The design of optimal drug dosing scheme using Koopman MPC. (a) Koopman linearization process. The Koopman operator utilizes spectral methods to transform the nonlinear model into a linear one. This process involves using time series data generated from the nonlinear model. (b) Linear MPC algorithm based on the linearized model. Constrained optimization is performed to obtain the optimal control sequence, which corresponds to the dosing scheme. This optimized sequence will then be implemented on the original nonlinear system. Figure adapted from our previous study45.

Due to the impulsive inputs, only the first element in the control sequence U(k) is nonzero, resulting in all zero values from the second column onwards in G. Consequently, the cost function can be represented as:

$$\begin{aligned} J(k) = U(k)^{ T} H U(k) + 2 x(k)^{ T} F^T U(k) + x(k)^{ T} V x_k \end{aligned}$$
(8)

where \(H = G^T Q G + R\), \(F = G^T Q W\), and \(V = W^T Q W + Q\). The optimal input sequence \(U(k)^*\) is obtained by solving the optimization problem in (9) as follows

$$\begin{aligned} \begin{aligned} U(k)^*&= \underset{U(k)}{argmin}\ \quad U(k)^T H U(k) + 2 X(k)^T F^T U(k)\\&\text {s.t.} \quad A_{cs} U(k) \le b_{cs} + B_{cs} X(k) \end{aligned} \end{aligned}$$
(9)

where \(b_{cs} = [X_{max}, - X_{min}]^T\), \(B_{cs} = [-A^i, A^i]^T\), and \(A_{cs} = [G_i, -G_i]^T\). The inequalities in (9) represent the constraints and are handled using the active set method and Karush-Kuhn-Tucker conditions. The diagram of applying linear MPC is shown in Fig. 3(b).

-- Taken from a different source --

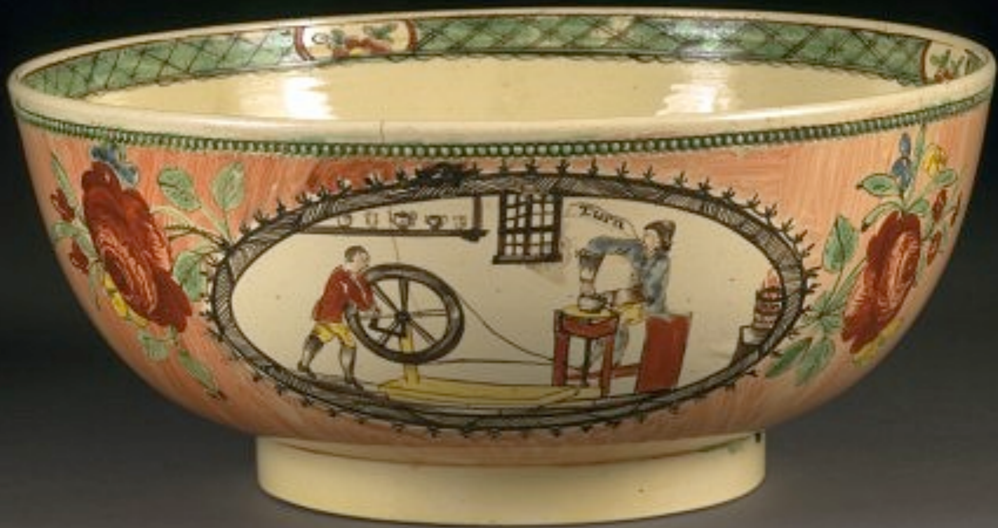
English Lead Glazed Creamware Punch Bowl with Enamel Decoration Depicting a Pottery Factory from Leeds

Uncertainty analysis and sensitivity analysis

We employ uncertainty analysis and sensitivity analysis to elucidate the varying patient responses to therapy, shedding light on how parameter perturbations can reveal the impact of inherent variability in individuals undergoing cancer treatments.

Uncertainty analysis of the model is conducted to assess the robustness when faced with parameter uncertainty arising from limited data and patient variability. For model parameter uncertainty analysis, the model can be denoted as \(Y = f_{u}(P_1, P_2, \ldots , P_n)\), relates the model output (Y) to a set of model parameters (\(P_i\)), where n represents the number of parameters, and \(f_{u}\) represents the function relating input parameters to the output. It is assumed that the model parameters follow normal distributions, expressed as \(P_i \sim {\mathcal {N}}(\mu _i, \sigma _i^{2})\), where \(\mu _i\) signifies the nominal value of \(P_i\), and a standard deviation of \(\sigma _i = 0.1 \mu _i\) is employed. For analysis of uncertain initial conditions, the potential inaccuracies in the initial values of the four states are caused by noisy measurements in imaging methods. For instance, immunohistochemistry has been reported to achieve up to 90% accuracy49. Thus, we assume a uniform distribution for the measured noisy initial conditions to address this. Specifically, if the measured initial state is denoted as X(0), the true initial conditions are assumed to follow a uniform distribution \(U[\frac{X(0)}{1.1}, \frac{X(0)}{0.9}]\).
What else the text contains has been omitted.